Harnick: I wasn’t, either. When David Leveaux showed us the set, we were so eager to have something different, we looked at it and went, “Wonderful!” Then when we saw the show on the stage, the opening number was fine and then in previews I realized that we lost the audience for about 15 minutes before we got them back. I thought, “Why is that?” Then it dawned on me. We should have a claustrophobic little house where everything takes place. Instead, we had this whole big stage. It looked like an estate.
We found out that Leveaux is a prima donna, difficult to work with. For instance, Joe and I were watching rehearsal one day and in the tavern scene, Joe suddenly said, “There’s two lines left out.” We went to the stage manager and said, “Let me see the book.” We looked and yeah, there were two lines left out, so Joe gave him the lines. A week later we came in and the lines aren’t there yet. We said, ‘Why aren’t the lines there?” He said, “David hasn’t had a chance to put them in.”
Erstein: Tell me about the upcoming revival of Fiddler, scheduled for next season to mark the show’s 50th anniversary.
Harnick: Originally, we were supposed to have Mike Nichols (directing). When Jerry and I worked with Mike on The Apple Tree, he kept saying, “I shouldn’t be doing this. I don’t know how to do a musical.” And we kept saying, “Mike, what you’re doing is wonderful.” And he refused to believe it.
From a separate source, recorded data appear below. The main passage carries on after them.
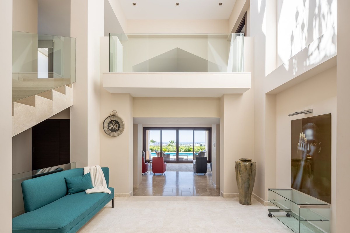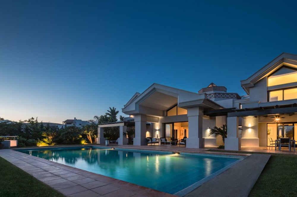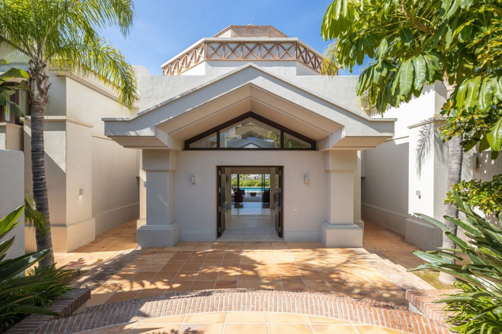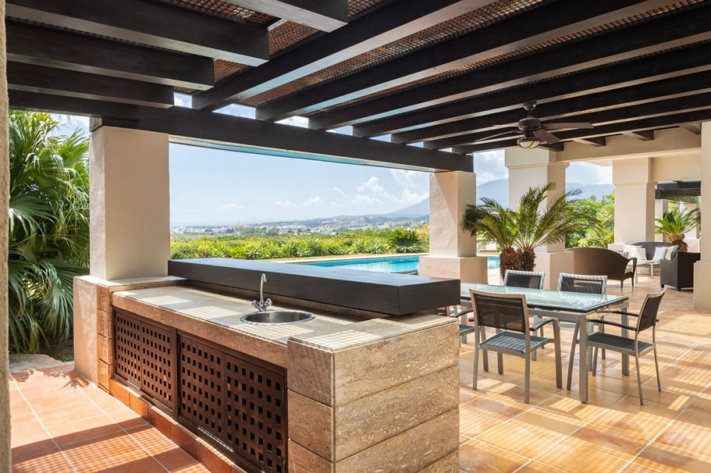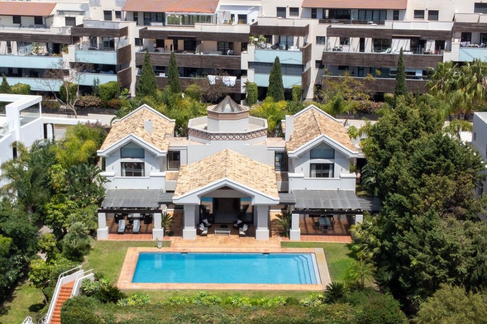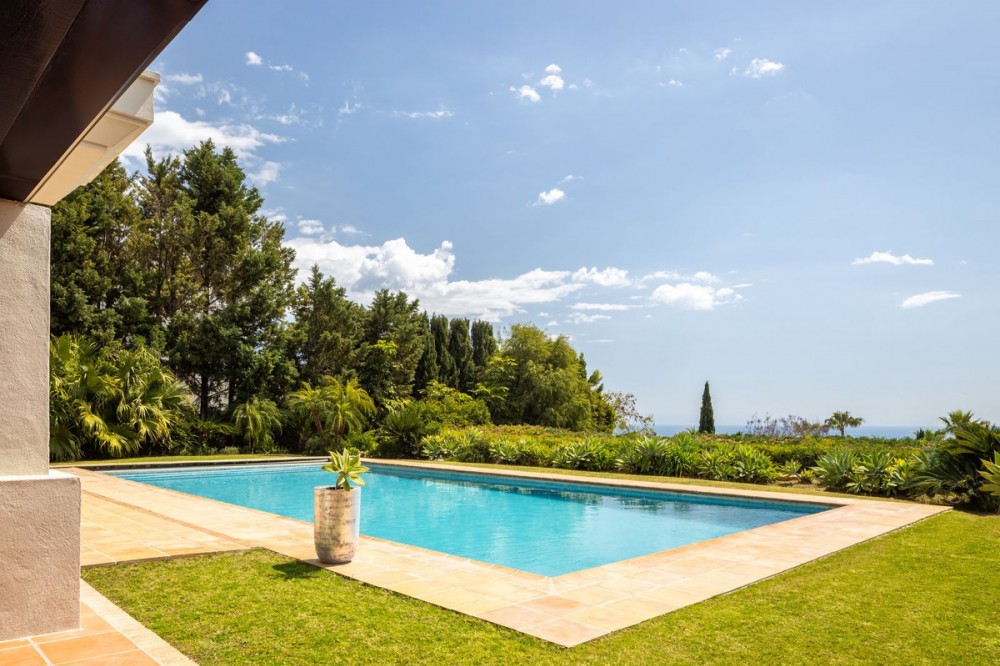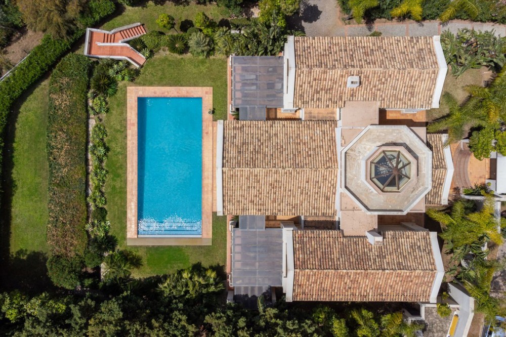 - VILLA FLAMINGOS – PROPERTY FOR SALE IN LOS FLAMINGOS, BENAHAVÍS Located in one of the most prestigious areas of Los Flamingos, this stunning south-facing villa offers spectacular panoramic sea views and is just minutes away from all amenities, the beach, and only 10 minutes from Puerto Banús. Set on a generous plot of 2,239 m² with a total built area of 727 m², the property is distributed over three floors, combining elegance, functionality, and comfort. A perfect home for those seeking exclusivity, privacy, and unparalleled views of the Mediterranean. Main Features: Detached 3-level villa 6 spacious bedrooms and 6 bathrooms Plot size: 2,240 m² Terraces and balconies with open views Private garage included Excellent condition (built in 2005) Fitted wardrobes and storage room South-facing, with maximum natural light Central gas heating and underfloor heating Air conditioning Additional Amenities: Private swimming pool (83.26 m²) Well-maintained gardens Additional outdoor parking Home cinema room Fully equipped barbecue area Layout: Basement Floor: 257.5 m² allocated to two guest or staff bedrooms, home cinema, storage room, utility room, technical room, garage for at least two vehicles, and exterior parking area. Includes internal stairs connecting to the main level. Ground Floor: 288.73 m² plus 52.80 m² of porches and pergolas. Features an elegant entrance hall, guest toilet, spacious main living room, hallway, en-suite bedroom, family lounge, independent kitchen, dining room, and direct access to covered terraces and barbecue area. Upper Floor: 180.74 m² comprising a majestic master suite with private bathroom and two additional en-suite bedrooms. Internally connected to the lower floors.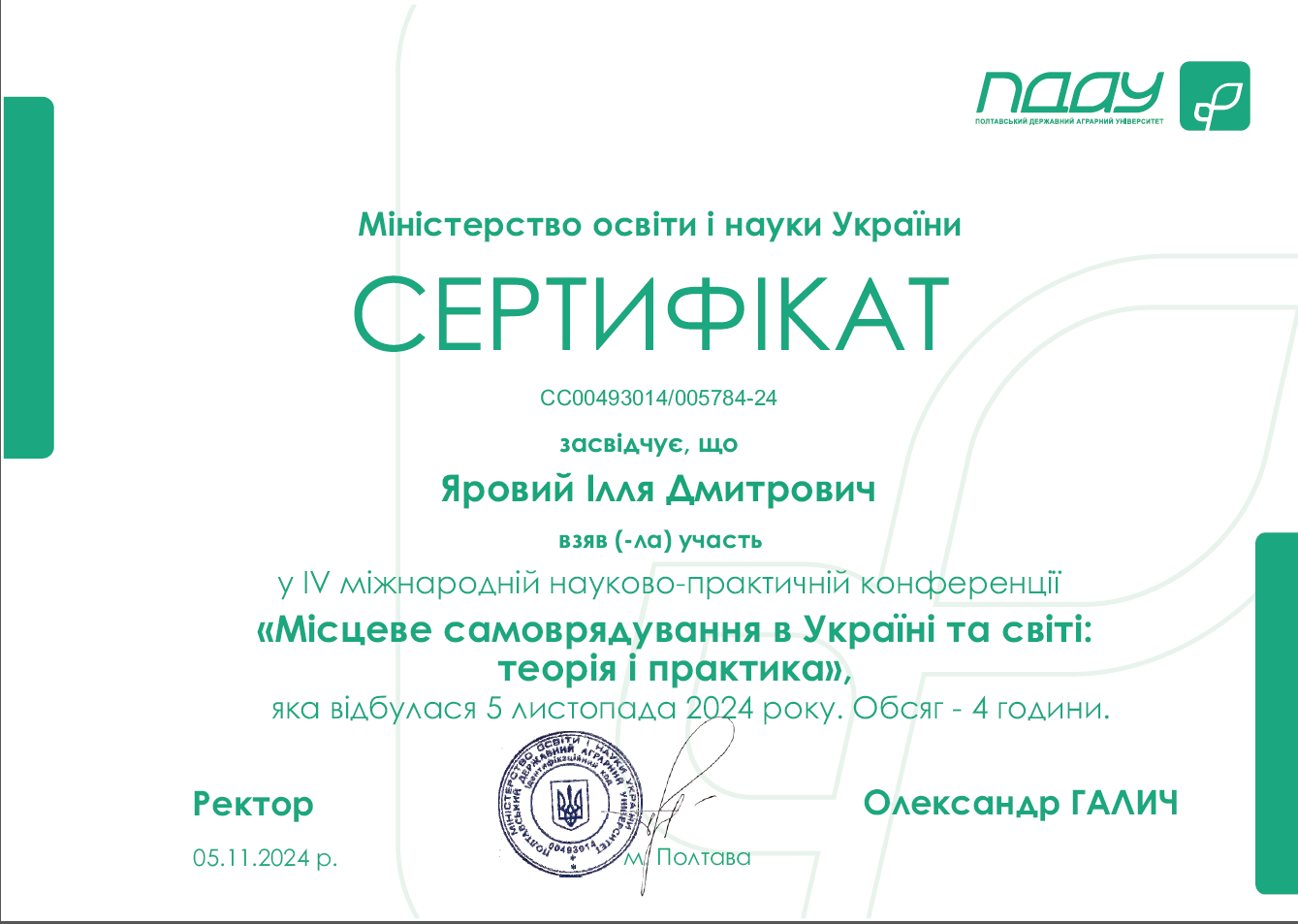 • Здобувач вищої освіти СВО Доктор філософії Іван Олексій взяв участь у Міжнародній науково-практичній конференції "Від теорії до практики в управлінні та врядуванні" (м. Киїів, НУБІП). Сертифікат № 48 від 20.06.2024 (6 год. / 0,2 кредиту ЄКТС)., м. Харків, 24.05.2024 (0,5 кредити ЄКТС).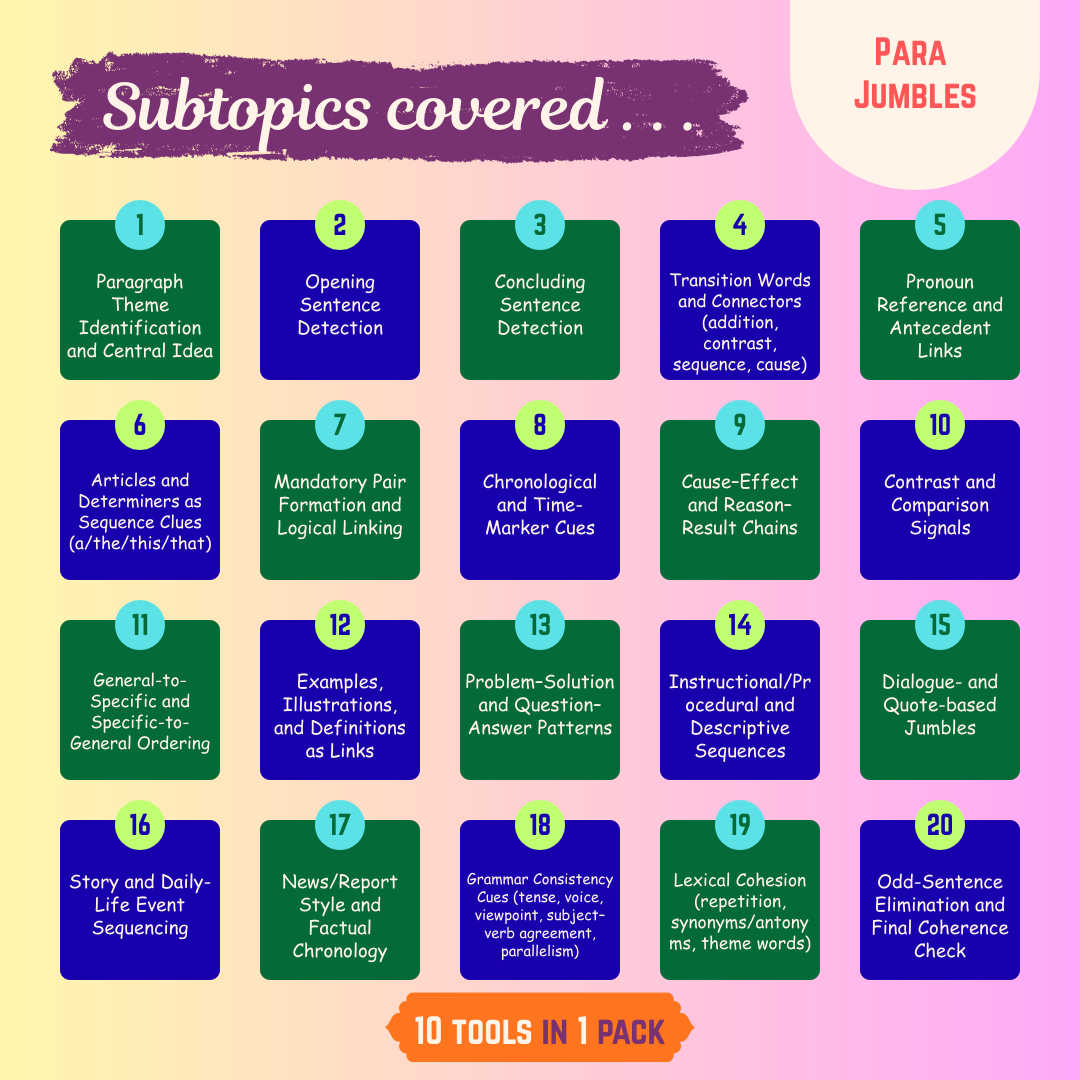 Go beyond MCQs with the Smart Topic Pack for Para Jumbles.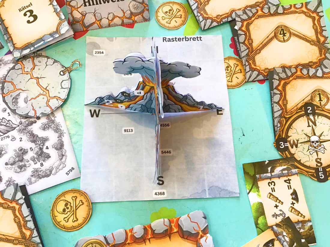 Ahoi, ihr Landratten! Ihr seid auf der geheimnisvollen Isla Fuego gelandet – einer Insel voller Geheimnisse, Schätze und einem unberechenbaren Vulkan, der jeden Moment ausbrechen könnte. Nur wenn ihr die Rätsel löst und den Fluch des Piratenvulkans brecht, könnt ihr euch und eure Beute retten. Ein Abenteuer voller Spannung, Codes und cleverer Aufgaben wartet auf euch!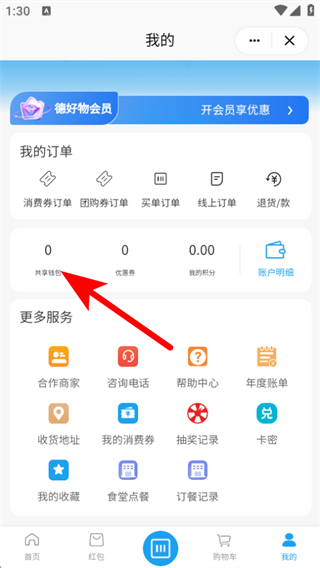 3、在商城的頁面,需要點擊我的,找到并點擊共享錢包入口。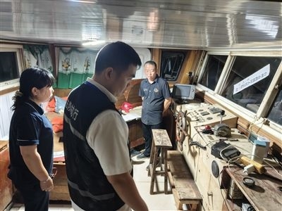 圖⑤:溫嶺市人民法院石陳人民法庭執(zhí)行干警向漁民詢問被執(zhí)行人信息。資料圖片
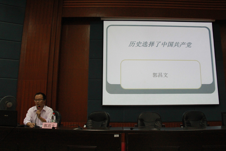 郭昌文老师从“中国共产党奋斗历史的回顾”和“从党史汲取智慧和力量”这两个方面展开报告,期间穿插个人见解,有理有据,令人信服;他分析了共产党取得完全胜利的必然趋势,让学员们深刻地认识到共产党的先进性。整场报告中,郭老师或提问或陈述,与在座学员们一起回顾了中国共产党从建立到取得完全胜利,再到新中国现代化建设到迅速崛起,一共走过的93年历史,让大家感受到了作为一个共产党员肩负的历史使命。

And in fact, shortly before we came to New York, he called Jerry Robbins. Robbins came up to see the show and Robbins said, “Can you stay out another two weeks? I see a lot of things we could do.” And Nichols said, “No, with Barbara Harris, she’s very fragile. If we don’t come in soon, we won’t have a leading lady.” So Robbins said, “OK, then do this, this, this and this,” and Mike just wrote those things down and did them.
When he did Spamalot and won the Tony, I thought, “Now he’s confident.” It turned out he wasn’t. When I wrote to him and said, “Would you do Fiddler?” and he answered me and said, “yes,” what I didn’t know is he told our producer, “I will only do it if I can do it with Casey Nicholaw [his Spamalot choreographer].” And Nicholaw wasn’t interested, so he backed out.
At that point, we made a list of directors and Joe Stein’s widow and I wanted Bart Sher. He said he would love to do it, but he couldn’t do it in the anniversary year, it would have to be the year after because he was so busy. And I must say the lawyers and the agents were battling with us. They said, “Don’t use him. He’ll back out. Do it in the anniversary year.” And we held out for Bart, because I think he’s wonderful.
(What is planned for your birthday celebration?) It’s mostly having to do with Fiddler’s 50th. They’re including me in it. The Folksbiene, the Yiddish theater, they’re doing a big, ambitious event at Town Hall (June 9). They’re trying to get in touch with as many people as they can that have done the show on Broadway. Because that’s what they did for Les Miz.
Then Symphony Space, up on the Upper West Side, they’re doing a big gala. And Goodspeed is having a big celebration (June 14). What I intend to say at each one of them is how important Jerry Robbins was, because the more I look at that show, the more I realize it’s what it is because of Jerry Robbins.
We knew from the beginning that he was obsessed. He said the reason he accepted the invitation to direct it, when he was six his family went to Poland — the area where we all come from — and he said even at the age of six, he remembers it as being a very moving experience. Now, he said, he has the chance to put that culture back onstage, to bring it back to life. And that is exactly what he did.